How to complete this task:
Write out everything in the records exactly, apart from the pictures.

Records provided:
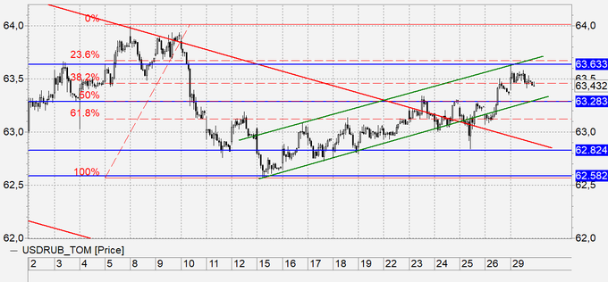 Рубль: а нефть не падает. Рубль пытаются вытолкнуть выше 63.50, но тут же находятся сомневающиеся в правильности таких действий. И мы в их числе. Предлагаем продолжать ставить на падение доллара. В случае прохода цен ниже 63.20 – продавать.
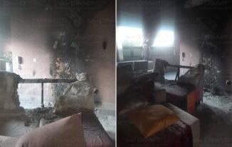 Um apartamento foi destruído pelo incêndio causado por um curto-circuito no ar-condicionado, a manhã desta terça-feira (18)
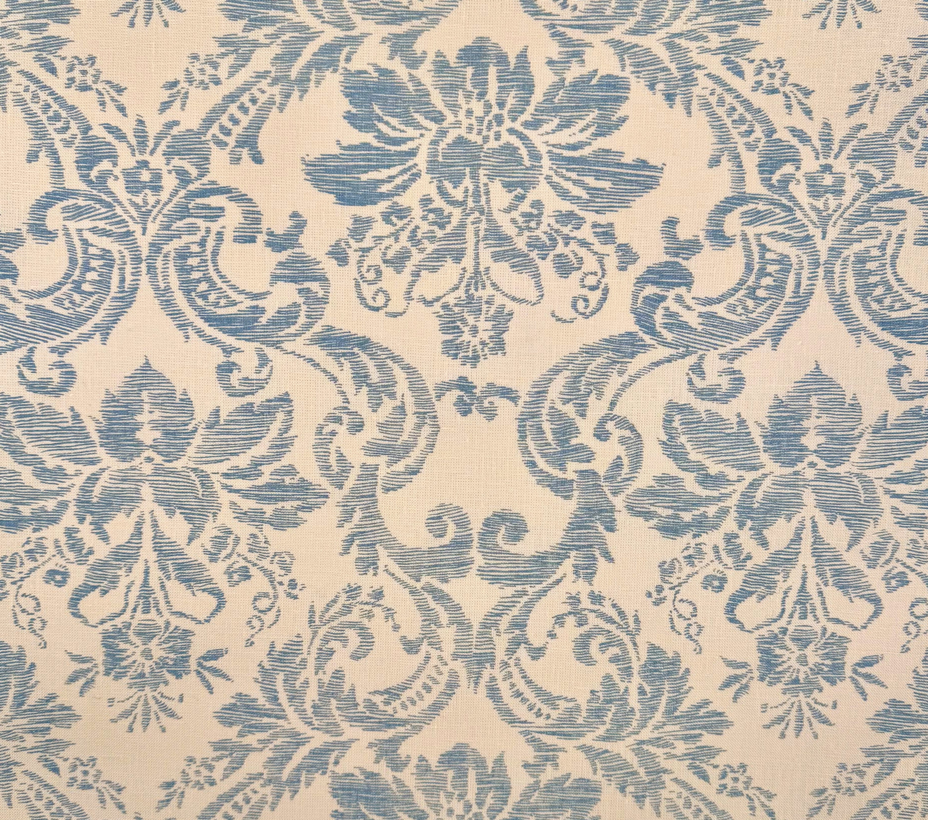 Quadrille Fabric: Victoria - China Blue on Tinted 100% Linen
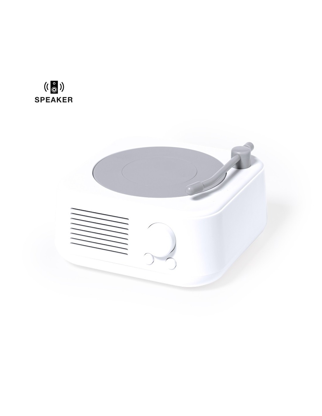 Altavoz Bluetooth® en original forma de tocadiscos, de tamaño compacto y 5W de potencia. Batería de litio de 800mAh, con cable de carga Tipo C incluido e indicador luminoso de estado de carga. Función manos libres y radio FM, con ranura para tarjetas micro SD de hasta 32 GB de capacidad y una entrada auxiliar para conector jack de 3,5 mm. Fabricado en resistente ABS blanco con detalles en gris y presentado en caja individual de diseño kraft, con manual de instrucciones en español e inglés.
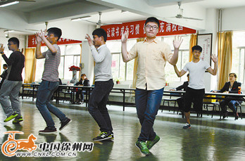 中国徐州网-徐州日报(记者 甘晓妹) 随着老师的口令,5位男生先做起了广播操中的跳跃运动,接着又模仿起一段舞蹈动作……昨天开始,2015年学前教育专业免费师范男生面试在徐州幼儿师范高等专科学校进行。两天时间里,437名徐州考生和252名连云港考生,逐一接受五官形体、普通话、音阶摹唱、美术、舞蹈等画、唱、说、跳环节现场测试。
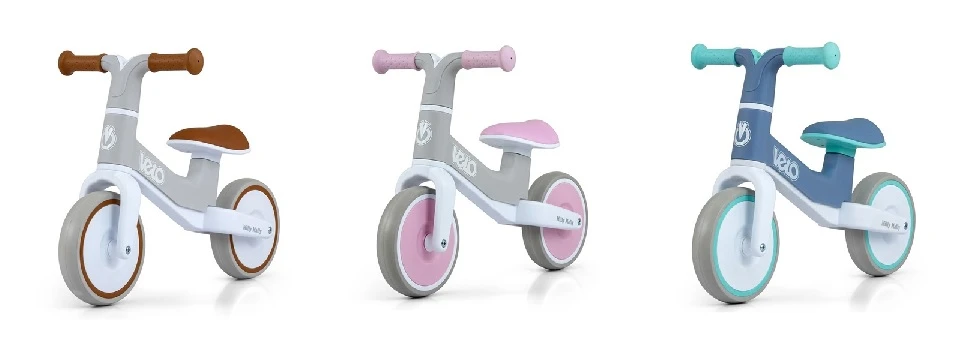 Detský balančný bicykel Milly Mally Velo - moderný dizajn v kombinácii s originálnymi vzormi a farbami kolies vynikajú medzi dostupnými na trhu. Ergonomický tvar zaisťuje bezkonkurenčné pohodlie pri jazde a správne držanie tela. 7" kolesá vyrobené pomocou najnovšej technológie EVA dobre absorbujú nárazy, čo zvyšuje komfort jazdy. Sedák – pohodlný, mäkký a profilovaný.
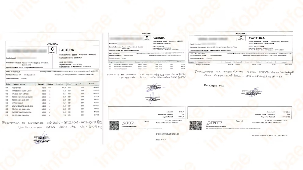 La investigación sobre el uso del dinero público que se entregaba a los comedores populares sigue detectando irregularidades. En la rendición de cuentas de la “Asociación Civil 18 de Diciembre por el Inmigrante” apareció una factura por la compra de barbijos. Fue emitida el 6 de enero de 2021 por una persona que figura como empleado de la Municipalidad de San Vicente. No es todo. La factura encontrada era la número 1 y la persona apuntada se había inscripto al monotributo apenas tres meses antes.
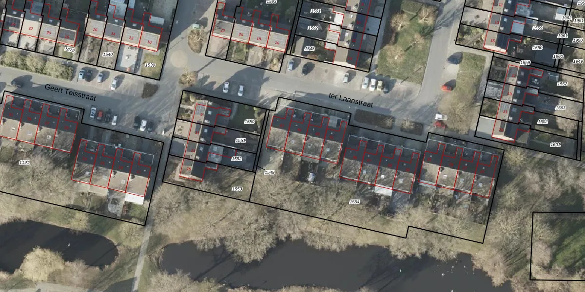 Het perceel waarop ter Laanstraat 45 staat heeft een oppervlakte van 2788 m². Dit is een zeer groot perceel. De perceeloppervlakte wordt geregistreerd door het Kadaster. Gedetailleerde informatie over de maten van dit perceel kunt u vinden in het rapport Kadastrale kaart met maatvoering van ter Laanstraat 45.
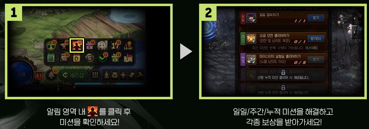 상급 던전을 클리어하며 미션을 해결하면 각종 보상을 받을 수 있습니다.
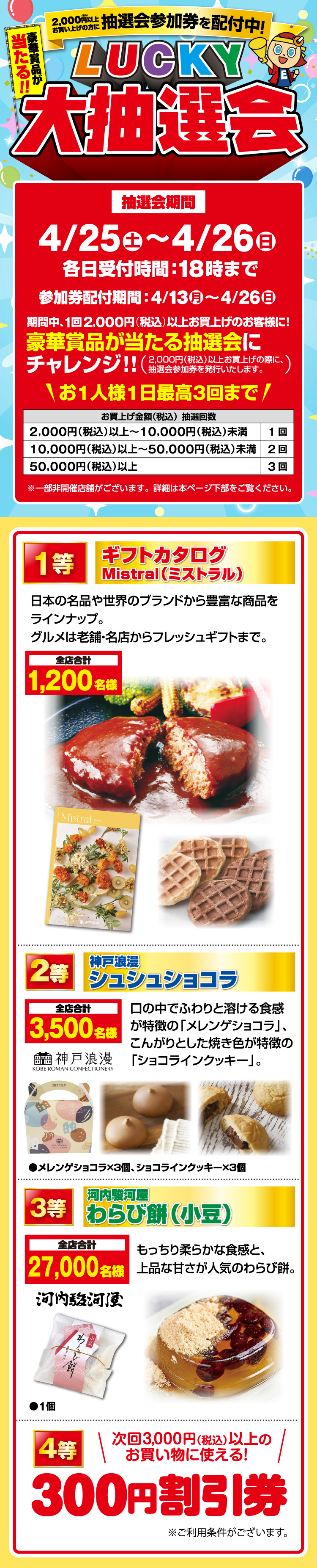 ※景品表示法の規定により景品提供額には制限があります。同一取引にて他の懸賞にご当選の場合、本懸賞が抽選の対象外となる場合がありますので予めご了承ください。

Answer section:
 Рубль: а нефть не падает. Рубль пытаются вытолкнуть выше 63.50, но тут же находятся сомневающиеся в правильности таких действий. И мы в их числе. Предлагаем продолжать ставить на падение доллара. В случае прохода цен ниже 63.20 – продавать.
 Um apartamento foi destruído pelo incêndio causado por um curto-circuito no ar-condicionado, a manhã desta terça-feira (18)
 Quadrille Fabric: Victoria - China Blue on Tinted 100% Linen
 Altavoz Bluetooth® en original forma de tocadiscos, de tamaño compacto y 5W de potencia. Batería de litio de 800mAh, con cable de carga Tipo C incluido e indicador luminoso de estado de carga. Función manos libres y radio FM, con ranura para tarjetas micro SD de hasta 32 GB de capacidad y una entrada auxiliar para conector jack de 3,5 mm. Fabricado en resistente ABS blanco con detalles en gris y presentado en caja individual de diseño kraft, con manual de instrucciones en español e inglés.
 中国徐州网-徐州日报(记者 甘晓妹) 随着老师的口令,5位男生先做起了广播操中的跳跃运动,接着又模仿起一段舞蹈动作……昨天开始,2015年学前教育专业免费师范男生面试在徐州幼儿师范高等专科学校进行。两天时间里,437名徐州考生和252名连云港考生,逐一接受五官形体、普通话、音阶摹唱、美术、舞蹈等画、唱、说、跳环节现场测试。
 Detský balančný bicykel Milly Mally Velo - moderný dizajn v kombinácii s originálnymi vzormi a farbami kolies vynikajú medzi dostupnými na trhu. Ergonomický tvar zaisťuje bezkonkurenčné pohodlie pri jazde a správne držanie tela. 7" kolesá vyrobené pomocou najnovšej technológie EVA dobre absorbujú nárazy, čo zvyšuje komfort jazdy. Sedák – pohodlný, mäkký a profilovaný.
 La investigación sobre el uso del dinero público que se entregaba a los comedores populares sigue detectando irregularidades. En la rendición de cuentas de la “Asociación Civil 18 de Diciembre por el Inmigrante” apareció una factura por la compra de barbijos. Fue emitida el 6 de enero de 2021 por una persona que figura como empleado de la Municipalidad de San Vicente. No es todo. La factura encontrada era la número 1 y la persona apuntada se había inscripto al monotributo apenas tres meses antes.
 Het perceel waarop ter Laanstraat 45 staat heeft een oppervlakte van 2788 m². Dit is een zeer groot perceel. De perceeloppervlakte wordt geregistreerd door het Kadaster. Gedetailleerde informatie over de maten van dit perceel kunt u vinden in het rapport Kadastrale kaart met maatvoering van ter Laanstraat 45.
 상급 던전을 클리어하며 미션을 해결하면 각종 보상을 받을 수 있습니다.
 ※景品表示法の規定により景品提供額には制限があります。同一取引にて他の懸賞にご当選の場合、本懸賞が抽選の対象外となる場合がありますので予めご了承ください。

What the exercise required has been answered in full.